Dodge, which is famous for its muscle cars, has announced that it will be making an electric vehicle, which will be unveiled in 2024. It’s big news, and the company even threw in a short teaser of a concept that wears a contemporary version of the Fratzog logo that was used on its cars in the 1960s and 1970s.
As with most teasers, there’s not a whole lot that is clearly visible, and the company isn’t providing much in the way of details. Based on what is shown, the vehicle sports a coupe-like profile and a front-end that is reminiscent of the classic Charger and Challenger.
Elsewhere, LED light strip that ends vertically on each side of the grille, while a flowing roofline leads to the rear that features recessed taillights and another instance of the Fratzog. In case you’re wondering, the logo’s name is meaningless, with the story being one of Dodge designers made it up and the company decided to adopt it.
Retro styling aside, the unnamed EV appears to come with a dual-motor setup for all-wheel drive, allowing it perform a four-wheel burnout. Given that Dodge’s most powerful muscle car currently available for purchase is the Challenger SRT Super Stock with 807 hp, the EV is expected to provide much more.
Stellantis, which is Dodge’s parent company, revealed in its EV Day 2021 release that there will be a dedicated electric platform that will underpin vehicles from its brands. Modular in nature, there are four version of the architecture, including STLA Small (range up to 500 km), STLA Medium (range up to 700 km), STLA Large (range up to 800 km) and STLA Frame (up to 800 km), the last of which is suited to body-on-frame vehicles like pick-up trucks. The STLA Large should be a good fit for the Dodge EV.

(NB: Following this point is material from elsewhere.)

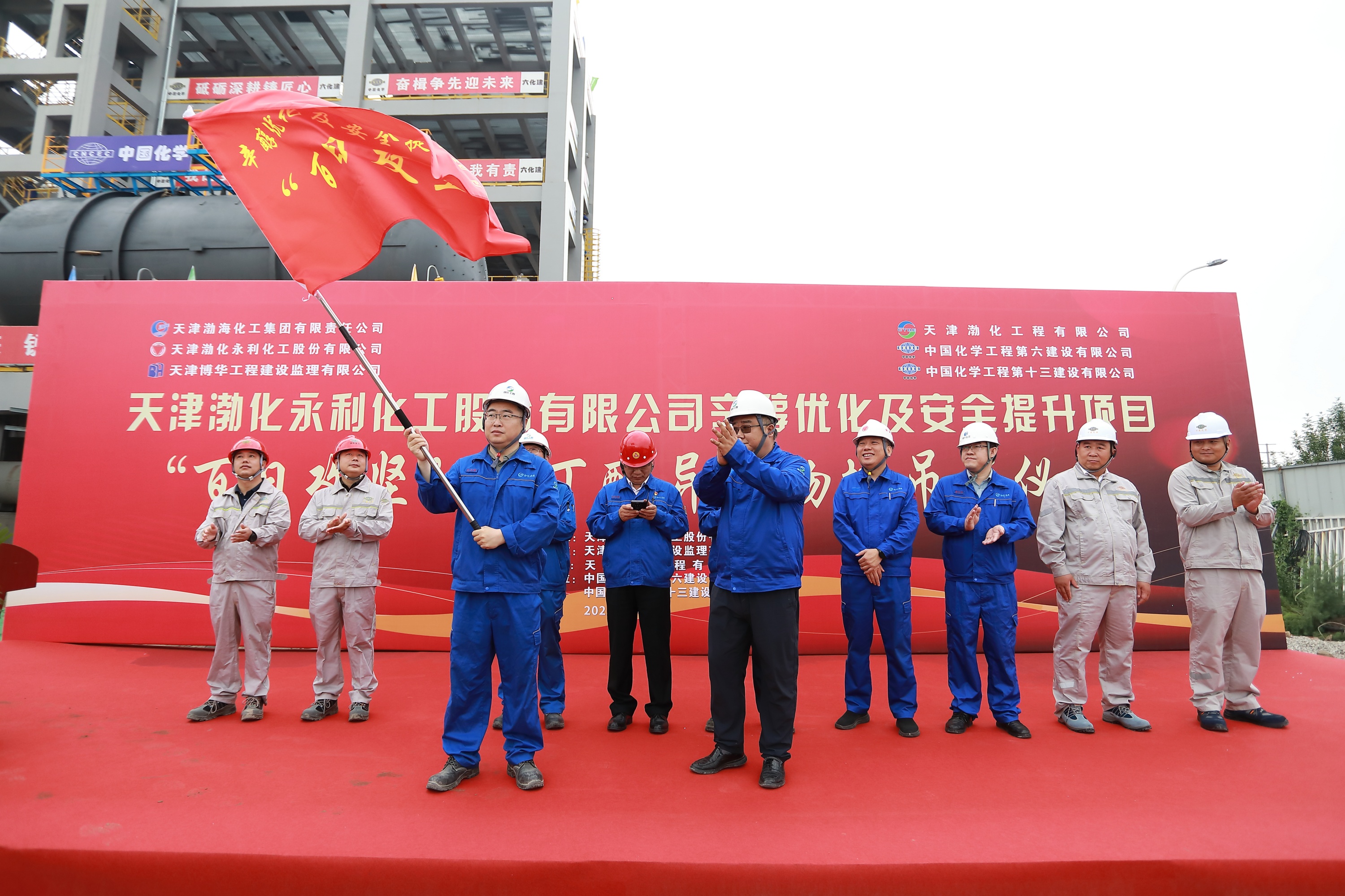 7月8日上午,天津渤化永利化工股份有限公司舉行辛醇優(yōu)化及安全提升項目“百日攻堅”暨丁醛異構(gòu)物塔吊裝儀式。渤化集團(tuán)副總經(jīng)理張曄輝及集團(tuán)相關(guān)單位負(fù)責(zé)人;渤化永利黨委書記、董事長魏以峰,黨委副書記、總經(jīng)理王凱;渤化工程黨委書記、董事長詹宏智,黨委副書記、總經(jīng)理莫冠群;中化六建、中化十三建、博華監(jiān)理等參建單位負(fù)責(zé)人參會并作表態(tài)發(fā)言。

So, why on God’s green earth (the company’s own words) would a brand that builds the Challenger SRT Demon, Durango SRT Hellcat and Charger SRT Hellcat, make such a decision? The answer is performance.
According to Dodge CEO Timothy Kuniskis, “if a charger can make a Charger quicker, we’re in.” Elaborating further, he said that “Dodge customers buy an experience, not a technology,” and the brand actually attracts the youngest and most-diverse customers in the industry.
Kuniskis added that these millennials account for a quarter of the United States population and have the highest spending power of any generation. More importantly, these individuals have the highest acceptance rate of EVs. So, by combining spending power with electric power and a brand that is all about the horsepower, Dodge wants to create a customer profile today that will be a key enabler to getting muscle car buyers into EVs in the future.
For over a decade, Dodge has seen rising market share by continuously increasing the horsepower of its engines, and EV technology will further increase those gains. Kuniskis admits that the company’s engineers are reaching a practical limit of what they can squeeze from an internal combustion engine. “They know, we know that electric motors can give us more,” he stated.
As such, to meet the demands of power-hungry customers, an EV was the path chosen. “Dodge doesn’t view EV technology as a revolution, but instead as a natural evolution of the modern muscle car. Let’s face it, car and muscle aren’t changing, and modern has an obligation to,” Kuniskis explained.
Despite announcing an EV, Dodge says that it “will not sell electric cars,” but rather it “will sell American eMuscle.” The company didn’t clarify further, but it’s implied that eMuscle is the branding applied to the “world’s first full battery electric muscle car,” which will “tear up the streets, not the planet.”